- [Problem description]: Starting at the line that contains "この香り袋は、フランス語で「" and ending at the final line of the entries below, write out each line exactly as it appears, but omit the pictures.

- [Records supplied]:
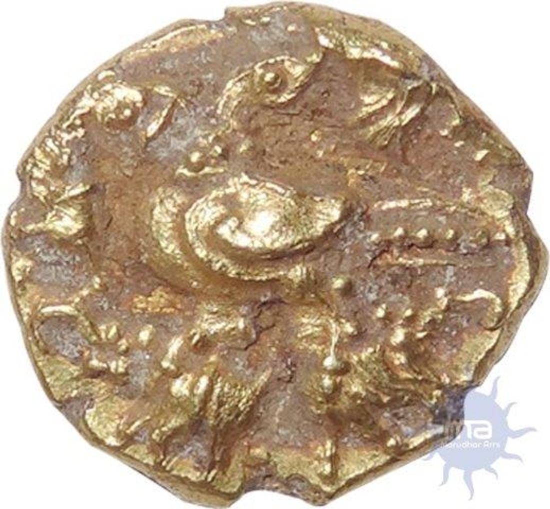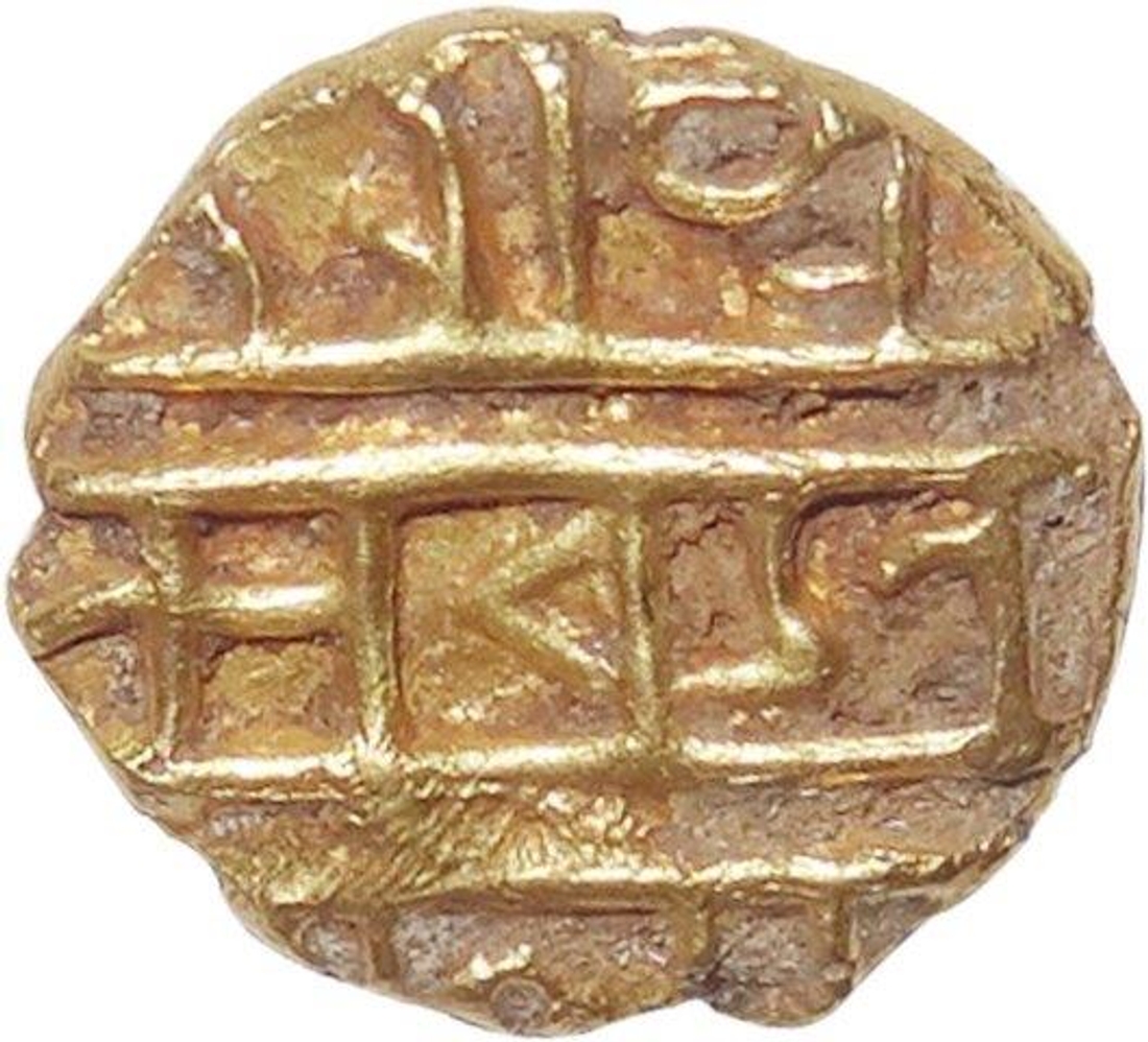 | Full Description: Vijayanagara Empire, Achutharaya (1529-1542AD), Gold 1/2 Varaha, Obv: Gandaberunda moving to left profile of the bird is presented the bird is carrying in each of its two beaks and two claws a bull fully grown tusker elephant, Rev: Three line nagari legend with interlinear rules Sri pra / tapachyuta / raya, 1.7gm, 10.1mm, (Girijapathi # 224), about extremely fine, Rare. | ||||
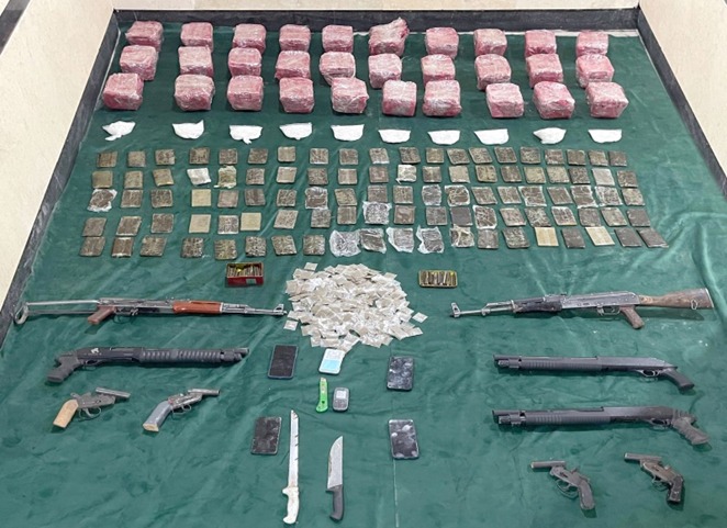 فى إطار مواصلة وزارة الداخلية توجيه الضربات الإستباقية للبؤر الإجرامية جالبى ومتجرى المواد المخدرة والأسلحة النارية غير المرخصة .. فقد أكدت معلومات وتحريات قطاعى ( الأمن العام - مكافحة المخدرات والأسلحة والذخائر غير المرخصة بالتنسيق مع أجهزة الوزارة المعنية قيام بؤر إجرامية بنطاق عدد من المحافظات تضم عناصر جنائية شديدة الخطورة بجلب كميات من المواد المخدرة والأسلحة النارية غير المرخصة تمهيداً للإتجار بها وعقب تقنين الإجراءات تم إستهدافهم بمشاركة قطاع الأمن المركزى ، وقد أسفر التعامل عن مصرع 5 عناصر جنائية شديدة الخطورة وسبق الحكم عليهم بالسجن والسجن المؤبد فى جنايات "مخدرات ، سلاح نارى بدون ترخيص بنطاق محافظة "أسوان" وضبط باقى عناصر تلك البؤر.. وبحوزتهم قرابة 1,5 طن من المواد المخدرة المتنوعة حشيش ، هيدرو ، شابو ، هيروين ، أفيون و71 قطعة سلاح نارى متنوعة هذا وتقدر القيمة المالية للمواد المخدرة المضبوطة أكثر من 103 مليون جنيه.
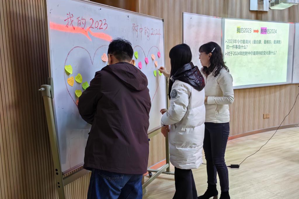 各支部还结合自身特点,开展了富有特色的支部活动。政治历史地理教研组党支部开展了“我的年度汉字”活动。老师们结合支部党建与生活工作的体验展开热烈讨论,用“望”“新”“坚”等汉字,表达了在新一年投身附中高质量发展的决心和干劲。英语教研组党支部组织全体党员共同写下2023年令自己最难忘的一件事以及对于2024年附中发展的展望,大家共同分享“心愿”,表达了对附中的美好祝福。
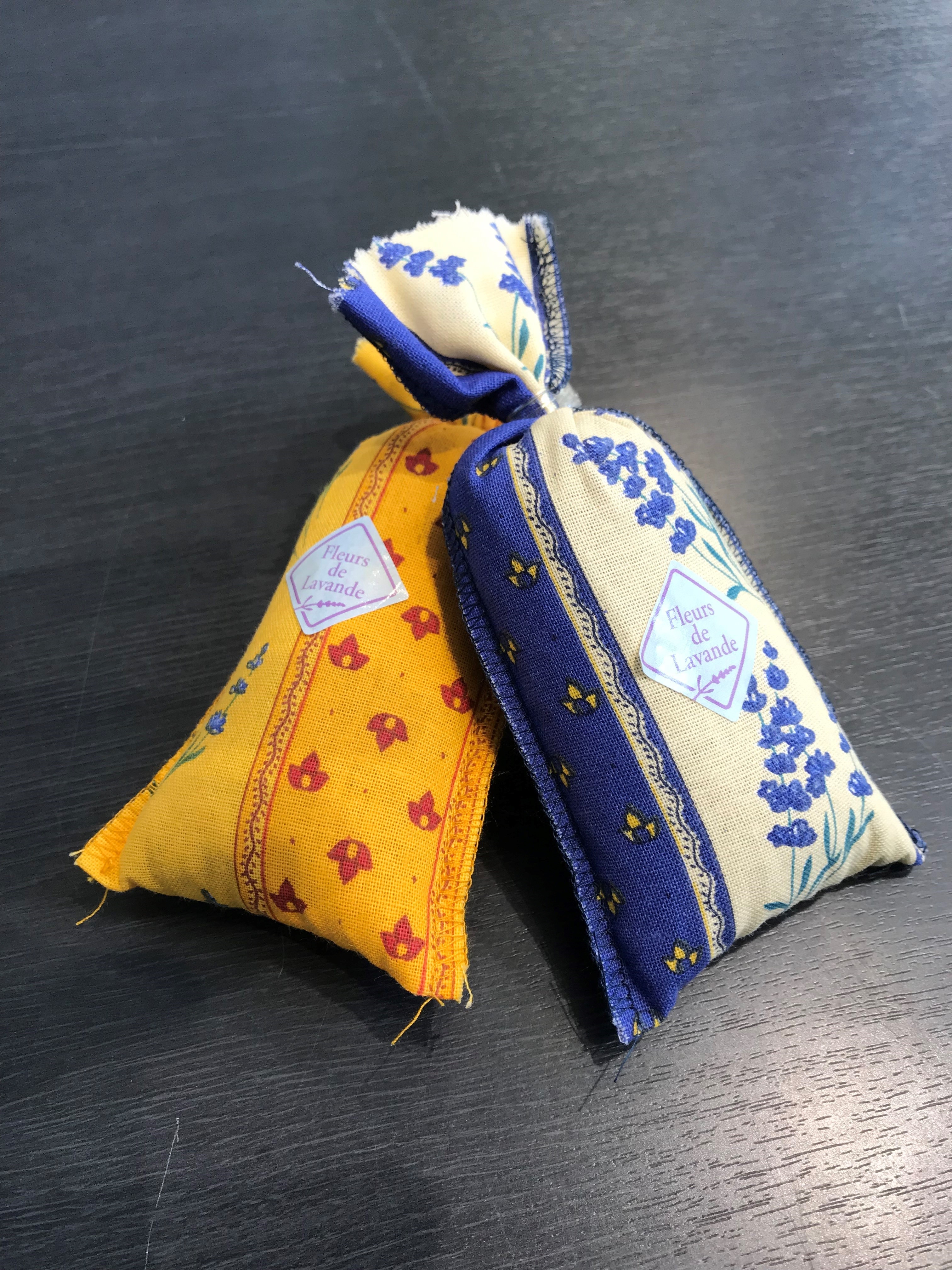 この香り袋は、フランス語で「サシェ」と呼ばれ、香料や乾燥させた花、ハーブを入れた小さな袋のことを指します。現地では、好みの乾燥させた花やハーブを入れて、好きな場所に置いたり鞄の中に入れるなど、さまざまな方法で香りを楽しむために使われています。
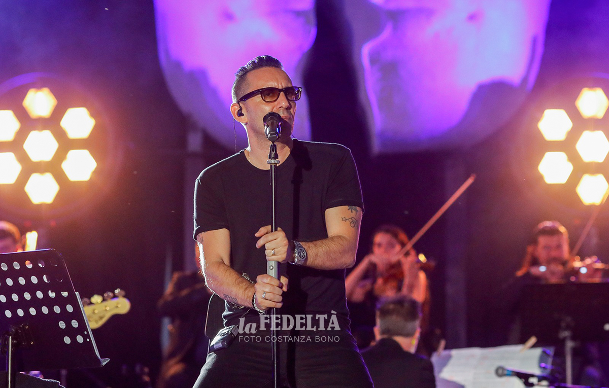 “Chi ha realizzato questo posto ama la musica! Siamo in mezzo al nulla, ma in realtà siamo in mezzo a tutto, alla bellezza!” con queste parole Kekko Silvestre, il frontman dei Modà ha esordito martedì sera all’Anfiteatro dell’Anima di Cervere nel concerto che ha dato il via all’edizione 2023 di Anima Festival, la kermesse musicale ideata dai fratelli Ivan e Natascia Chiarlo nello splendido teatro all’aperto sulla collina di Grinzano. Un inizio col botto, sia per la folla presente ad applaudire la band (che in questo tour è affiancata da un’orchestra, che impreziosisce ulteriormente lo spettacolo), sia per il bel clima di scambio e di empatia con gli artisti. Kekko, vero mattatore dello spettacolo, non è soltanto autore e voce importante. Nello spettacolo è stato anche cicerone di un viaggio che ha accompagnato il pubblico lungo oltre vent’anni di musica del gruppo. Tra aneddoti simpatici, momenti emozionanti, storie personali. Mettendosi a nudo. E così il cantante riesce a passare da momenti leggeri e simpatici, dagli sketch con il pubblico delle prime file al momento in cui invita due fans sul palco e canta con loro, dalle battute sul propoli da prendere ogni 4 canzoni per mantenere la voce pulita e potente, fino a quando racconta della depressione, del mal di vivere e di quanto sia complicato uscirne. “Devo dire due grazie – racconta – uno a me stesso per essere uscito da un brutto periodo (e invita tutti a “dirsi grazie” ogni tanto e prendere in mano la propria vita) e poi grazie a voi, che siete la medicina migliore!”.

- [Exercise solution]:
 この香り袋は、フランス語で「サシェ」と呼ばれ、香料や乾燥させた花、ハーブを入れた小さな袋のことを指します。現地では、好みの乾燥させた花やハーブを入れて、好きな場所に置いたり鞄の中に入れるなど、さまざまな方法で香りを楽しむために使われています。
 “Chi ha realizzato questo posto ama la musica! Siamo in mezzo al nulla, ma in realtà siamo in mezzo a tutto, alla bellezza!” con queste parole Kekko Silvestre, il frontman dei Modà ha esordito martedì sera all’Anfiteatro dell’Anima di Cervere nel concerto che ha dato il via all’edizione 2023 di Anima Festival, la kermesse musicale ideata dai fratelli Ivan e Natascia Chiarlo nello splendido teatro all’aperto sulla collina di Grinzano. Un inizio col botto, sia per la folla presente ad applaudire la band (che in questo tour è affiancata da un’orchestra, che impreziosisce ulteriormente lo spettacolo), sia per il bel clima di scambio e di empatia con gli artisti. Kekko, vero mattatore dello spettacolo, non è soltanto autore e voce importante. Nello spettacolo è stato anche cicerone di un viaggio che ha accompagnato il pubblico lungo oltre vent’anni di musica del gruppo. Tra aneddoti simpatici, momenti emozionanti, storie personali. Mettendosi a nudo. E così il cantante riesce a passare da momenti leggeri e simpatici, dagli sketch con il pubblico delle prime file al momento in cui invita due fans sul palco e canta con loro, dalle battute sul propoli da prendere ogni 4 canzoni per mantenere la voce pulita e potente, fino a quando racconta della depressione, del mal di vivere e di quanto sia complicato uscirne. “Devo dire due grazie – racconta – uno a me stesso per essere uscito da un brutto periodo (e invita tutti a “dirsi grazie” ogni tanto e prendere in mano la propria vita) e poi grazie a voi, che siete la medicina migliore!”.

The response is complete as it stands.